Provided records —
* * * *

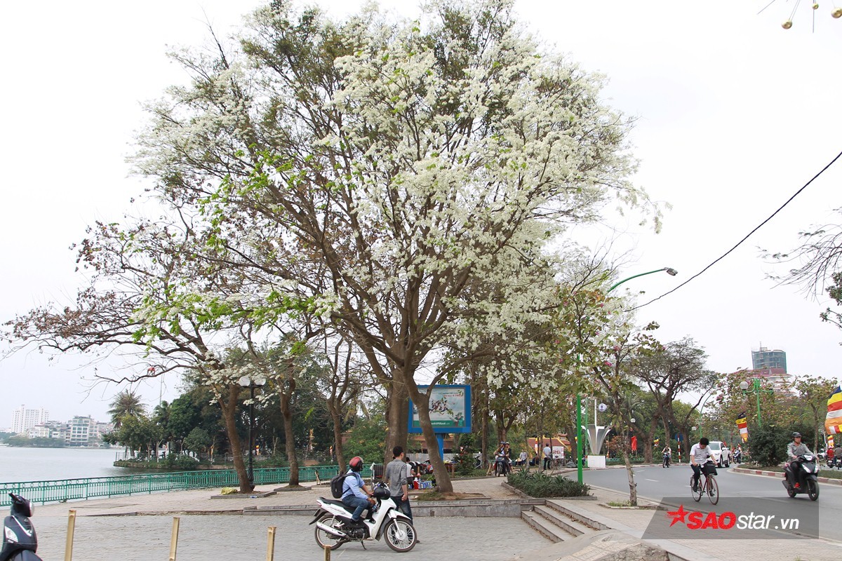 Những ngày này, người dân sống ở khu Ba Đình, Tây Hồ có lẽ sẽ quen thuộc với cảm giác mỗi sớm mai ùa ra đường, chợt thấy trong tầm mắt hay khoảng trời trên đầu mình băng qua được phủ kín bởi những cây hoa muôn sắc muôn màu. Từ đường Phan Đình Phùng, Quán Sứ, Thanh Niên cho đến những cung đường 5m ven hồ hay ngược lên đê Yên Phụ… đâu đâu cũng nhìn thấy những chùm hoa sưa bung nở trắng xóa. Hoa nở dọc ven đường, phủ lên những mái nhà biệt thự đẹp đẽ hay một góc cửa sổ cũ kỹ… chợt tạo nên những khung cảnh hết sức nên thơ. Những cung đường mạn quanh hồ Tây thường không quá đông đúc và mỗi khi đi qua đây, hẳn người dân sẽ có những giây phút thư thả ngắm nhìn những đóa hoa mùa xuân chớm nở.
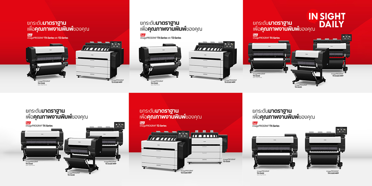 แคนนอน (Canon) แบรนด์ผู้นำด้านเทคโนโลยีอิมเมจจิ้งระดับโลก ประกาศเปิดตัวเครื่องพิมพ์หน้ากว้างรุ่นใหม่ทั้ง imagePROGRAF TZ-5320 series และ TX Series (รุ่น TX-5420/5320/5220) โดยมีทั้งพรินเตอร์หน้ากว้างแบบฟังก์ชันเดียวและมัลติฟังก์ชัน [1] เพื่อตอบสนองความต้องการด้านงานพิมพ์ที่หลากหลายในโลกธุรกิจวันนี้ โดยรุ่น imagePROGRAF TZ-5320 สามารถพิมพ์แบบก่อสร้างจำนวนมากได้อย่างรวดเร็ว ตอบโจทย์อุตสาหกรรมก่อสร้าง การออกแบบกราฟิก และธุรกิจรับพิมพ์งานตามสั่งที่ต้องการพรินเตอร์ความเร็วสูง ส่วน TX series มาพร้อมฟีเจอร์การพิมพ์ที่หลากหลาย ครอบคลุมทั้งการพิมพ์แบบก่อสร้าง โปสเตอร์ และบอร์ดประกาศขนาดใหญ่ ให้คุณพร้อมรับงานใหญ่ทุกสเกลได้อย่างมั่นใจ
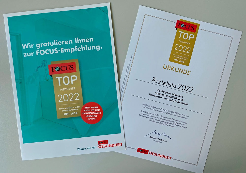 Die FOCUS GESUNDHEIT- Redaktion präsentiert jene Mediziner, die als absolute Spezialisten ihres Fachs gelten und sich über ihre Behandlungsleistung hervorheben. Alle Mediziner werden kostenfrei und nach objektiven Kriterien in der Erhebung berücksichtigt. Die Veröffentlichung in der finalen Liste ist ebenfalls kostenlos und nicht käuflich. In seinem Fachbereich "Refraktive Chirurgie & Katarakt" wurde Dr. Stephan Münnich auch im Jahr 2022 zu den empfohlenen Medizinern gewählt.
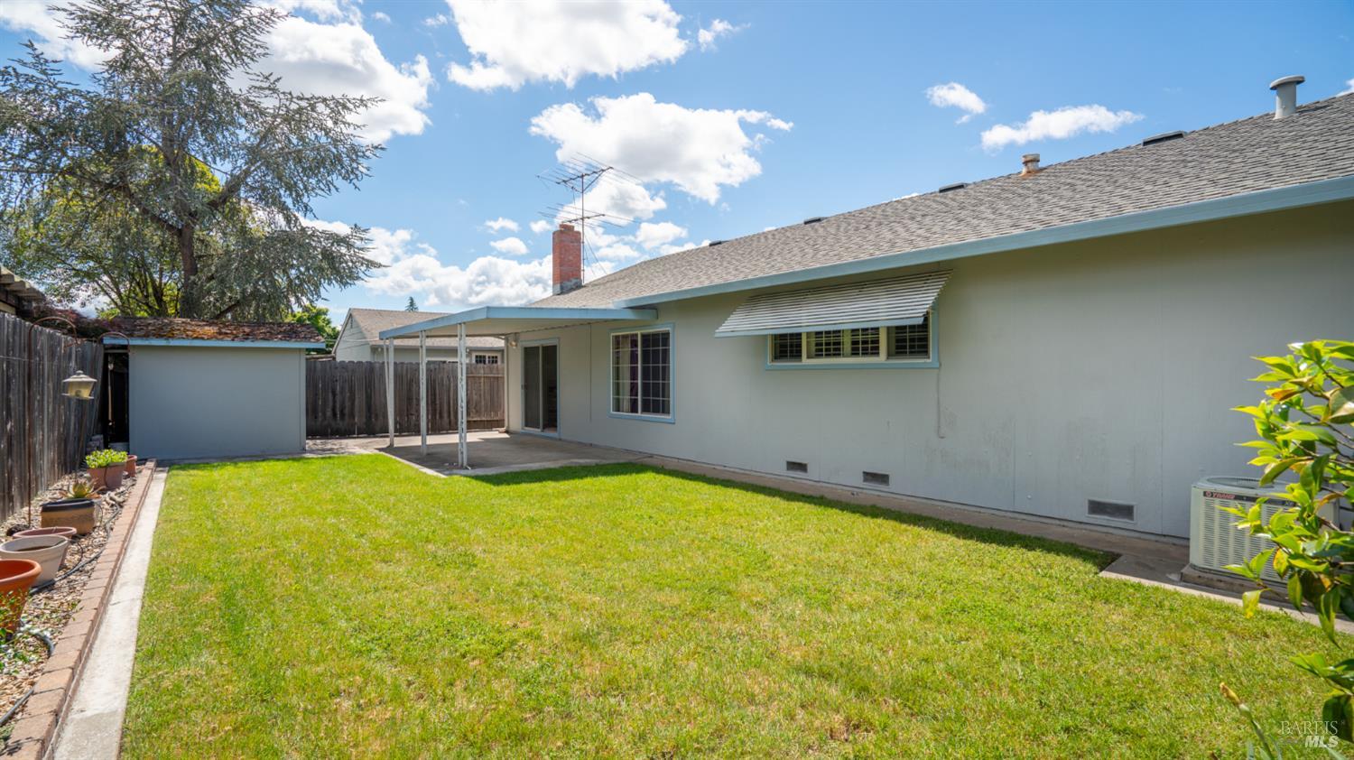 This charming single-story home features three bedrooms, two baths, and a functional floor plan designed for comfortable living. The formal living room and family room with a fireplace provide versatile spaces for entertaining or quiet evenings, while the kitchen flows into the dining area for easy gatherings. Lovingly maintained by its original owners, the home boasts wood laminate flooring, dual pane windows, plantation shutters, and central heating and air conditioning. The backyard offers inviting spaces for relaxation or entertaining, complemented by a two-car attached garage and a storage shed. Ideally situated on a quiet court near shopping, schools, and everyday conveniences, this home blends comfort and potential. Whether you're ready to personalize it or move right in, this home is ready for its new owners.
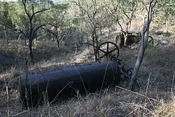 The battery plant includes a Cornish boiler in a brick mount with a flue leading to an intact nine metre high metal chimney. Immediately alongside the boiler is the body of a single cylinder horizontal engine. Alongside the engine are two mortar boxes which appear to have remained in situ although the stamper frame has been removed. Seven of the ten stamper rods are still standing in the mortar boxes. The camshaft is nearby.[1]
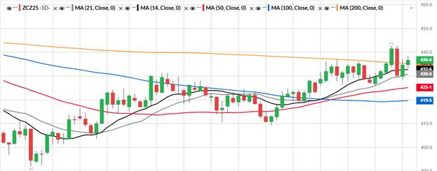 Looking at the weekly charts for December corn we have resistance at 442 ¾ followed by 451 ¾ which is the 100-period moving average. For support I am also using 426 ¼ and 421 ¼ which is the 21-period moving average. (see chart below).
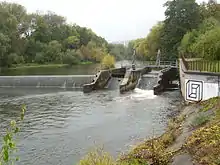 Les deux barrages de navigation d'Iéna, aussi bien celui de Rasenmühlen[27] que celui de Paradies[28] sont équipés depuis 1999-2000 de turbines pour récupérer une partie de l'énergie de la chute. Ces turbines ont repris l'emplacement d'écluses pour le halage.
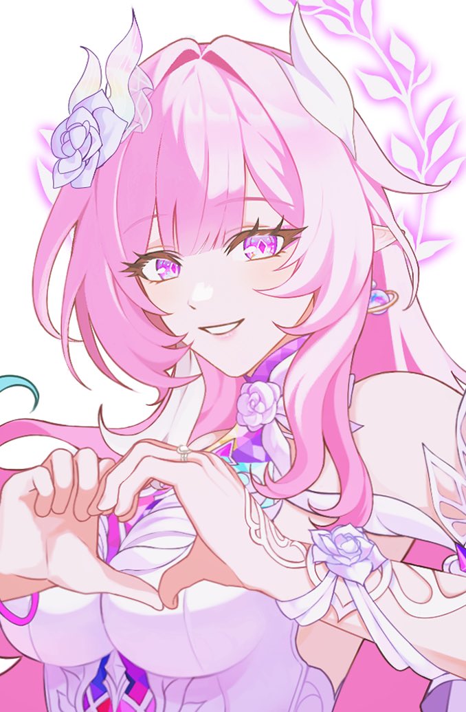 1girlbare shouldersbreastsearringselfflowerhair flowerhair ornamenthaloheartheart handsjewelrylarge breastslong hairlooking at viewermulticolored hairpink hairpointy earspurple eyessimple backgroundsmilesolotwo-tone hairupper bodyvery long hairwhite backgroundwhite hair

* * * *

Task item —
With the images omitted, output all entries exactly as given.

Task response —
 Những ngày này, người dân sống ở khu Ba Đình, Tây Hồ có lẽ sẽ quen thuộc với cảm giác mỗi sớm mai ùa ra đường, chợt thấy trong tầm mắt hay khoảng trời trên đầu mình băng qua được phủ kín bởi những cây hoa muôn sắc muôn màu. Từ đường Phan Đình Phùng, Quán Sứ, Thanh Niên cho đến những cung đường 5m ven hồ hay ngược lên đê Yên Phụ… đâu đâu cũng nhìn thấy những chùm hoa sưa bung nở trắng xóa. Hoa nở dọc ven đường, phủ lên những mái nhà biệt thự đẹp đẽ hay một góc cửa sổ cũ kỹ… chợt tạo nên những khung cảnh hết sức nên thơ. Những cung đường mạn quanh hồ Tây thường không quá đông đúc và mỗi khi đi qua đây, hẳn người dân sẽ có những giây phút thư thả ngắm nhìn những đóa hoa mùa xuân chớm nở.
 แคนนอน (Canon) แบรนด์ผู้นำด้านเทคโนโลยีอิมเมจจิ้งระดับโลก ประกาศเปิดตัวเครื่องพิมพ์หน้ากว้างรุ่นใหม่ทั้ง imagePROGRAF TZ-5320 series และ TX Series (รุ่น TX-5420/5320/5220) โดยมีทั้งพรินเตอร์หน้ากว้างแบบฟังก์ชันเดียวและมัลติฟังก์ชัน [1] เพื่อตอบสนองความต้องการด้านงานพิมพ์ที่หลากหลายในโลกธุรกิจวันนี้ โดยรุ่น imagePROGRAF TZ-5320 สามารถพิมพ์แบบก่อสร้างจำนวนมากได้อย่างรวดเร็ว ตอบโจทย์อุตสาหกรรมก่อสร้าง การออกแบบกราฟิก และธุรกิจรับพิมพ์งานตามสั่งที่ต้องการพรินเตอร์ความเร็วสูง ส่วน TX series มาพร้อมฟีเจอร์การพิมพ์ที่หลากหลาย ครอบคลุมทั้งการพิมพ์แบบก่อสร้าง โปสเตอร์ และบอร์ดประกาศขนาดใหญ่ ให้คุณพร้อมรับงานใหญ่ทุกสเกลได้อย่างมั่นใจ
 Die FOCUS GESUNDHEIT- Redaktion präsentiert jene Mediziner, die als absolute Spezialisten ihres Fachs gelten und sich über ihre Behandlungsleistung hervorheben. Alle Mediziner werden kostenfrei und nach objektiven Kriterien in der Erhebung berücksichtigt. Die Veröffentlichung in der finalen Liste ist ebenfalls kostenlos und nicht käuflich. In seinem Fachbereich "Refraktive Chirurgie & Katarakt" wurde Dr. Stephan Münnich auch im Jahr 2022 zu den empfohlenen Medizinern gewählt.
 This charming single-story home features three bedrooms, two baths, and a functional floor plan designed for comfortable living. The formal living room and family room with a fireplace provide versatile spaces for entertaining or quiet evenings, while the kitchen flows into the dining area for easy gatherings. Lovingly maintained by its original owners, the home boasts wood laminate flooring, dual pane windows, plantation shutters, and central heating and air conditioning. The backyard offers inviting spaces for relaxation or entertaining, complemented by a two-car attached garage and a storage shed. Ideally situated on a quiet court near shopping, schools, and everyday conveniences, this home blends comfort and potential. Whether you're ready to personalize it or move right in, this home is ready for its new owners.
 The battery plant includes a Cornish boiler in a brick mount with a flue leading to an intact nine metre high metal chimney. Immediately alongside the boiler is the body of a single cylinder horizontal engine. Alongside the engine are two mortar boxes which appear to have remained in situ although the stamper frame has been removed. Seven of the ten stamper rods are still standing in the mortar boxes. The camshaft is nearby.[1]
 Looking at the weekly charts for December corn we have resistance at 442 ¾ followed by 451 ¾ which is the 100-period moving average. For support I am also using 426 ¼ and 421 ¼ which is the 21-period moving average. (see chart below).
 Les deux barrages de navigation d'Iéna, aussi bien celui de Rasenmühlen[27] que celui de Paradies[28] sont équipés depuis 1999-2000 de turbines pour récupérer une partie de l'énergie de la chute. Ces turbines ont repris l'emplacement d'écluses pour le halage.
 1girlbare shouldersbreastsearringselfflowerhair flowerhair ornamenthaloheartheart handsjewelrylarge breastslong hairlooking at viewermulticolored hairpink hairpointy earspurple eyessimple backgroundsmilesolotwo-tone hairupper bodyvery long hairwhite backgroundwhite hair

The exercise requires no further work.